A relay network is a type of computer network used to send information between two devices, such as a server and a computer, that are too far apart to send information directly to each other. Therefore the network has to send or “broadcast” the information to different devices, called nodes, which transmit the information to its destination. A well-known example of a relay network is the Internet. A user can view a web page from a server halfway around the world by sending and receiving information through a series of connected nodes.
In many ways, a relay network resembles a chain of people staying together. One person has a note that he must pass to the girl at the end of the line. He is the sender, she is the recipient and the people in between are the messengers or nodes. Pass the message to the first node, or person, who passes it to the second and so on until it reaches the girl and she reads it.
People might stand in a circle, however, instead of a line. Each person is close enough to reach the person on either side of and in front of them. Together, people represent a network and different messages can now pass around or through the network in different directions at the same time, as opposed to the straight line which could only carry messages in one specific direction. This concept, the way a network is structured and how it shares data, is known as a network topology. Relay networks can use many different topologies, from a line to a ring to a tree shape, to transmit information as quickly and efficiently as possible.

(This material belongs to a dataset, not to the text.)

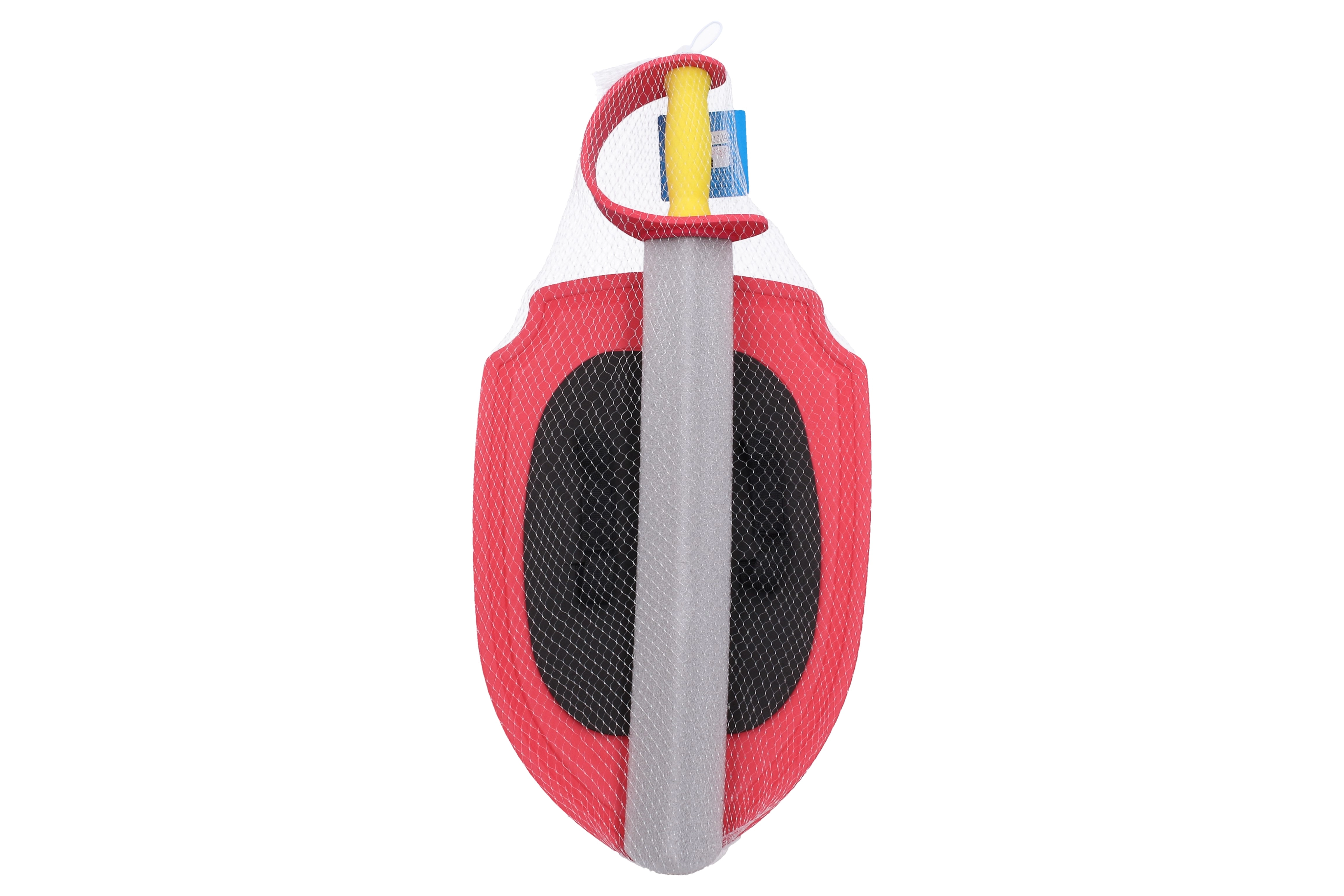 Set distractiv pentru micii cavaleri: sabie și scut din spumă, în culoare roșie, pentru dueluri sigure și joacă creativă. Material ușor, moale și sigur, ideal pentru copii; sabie cu lungimea de 57 cm și scut cu dimensiunile 27,5 × 41,5 cm, perfect adaptate mâinilor copiilor, stimulând imaginația acestora.

Often the relay network is complex and branches in multiple directions to connect many servers and computers. Where two lines from two different computers or servers meet, they form the nodes of the forwarding network. For example, two lines of computers could enter the same router, making it the node.
Wireless networks also use network forwarding. A laptop, for example, might connect to a wireless network that sends and receives information through one network and another until it reaches its destination. Even if not all parts of the network have physical cables, they still connect to other devices that function as nodes.
This type of network has several advantages. Information can travel long distances, even if the sender and receiver are far apart. It also speeds up data transmission by choosing the best path to travel between the nodes and the recipient’s computer. If one node is too busy, information is simply routed to another. Without relay networks, sending an email from one computer to another would require the two computers to be connected directly together before it could work.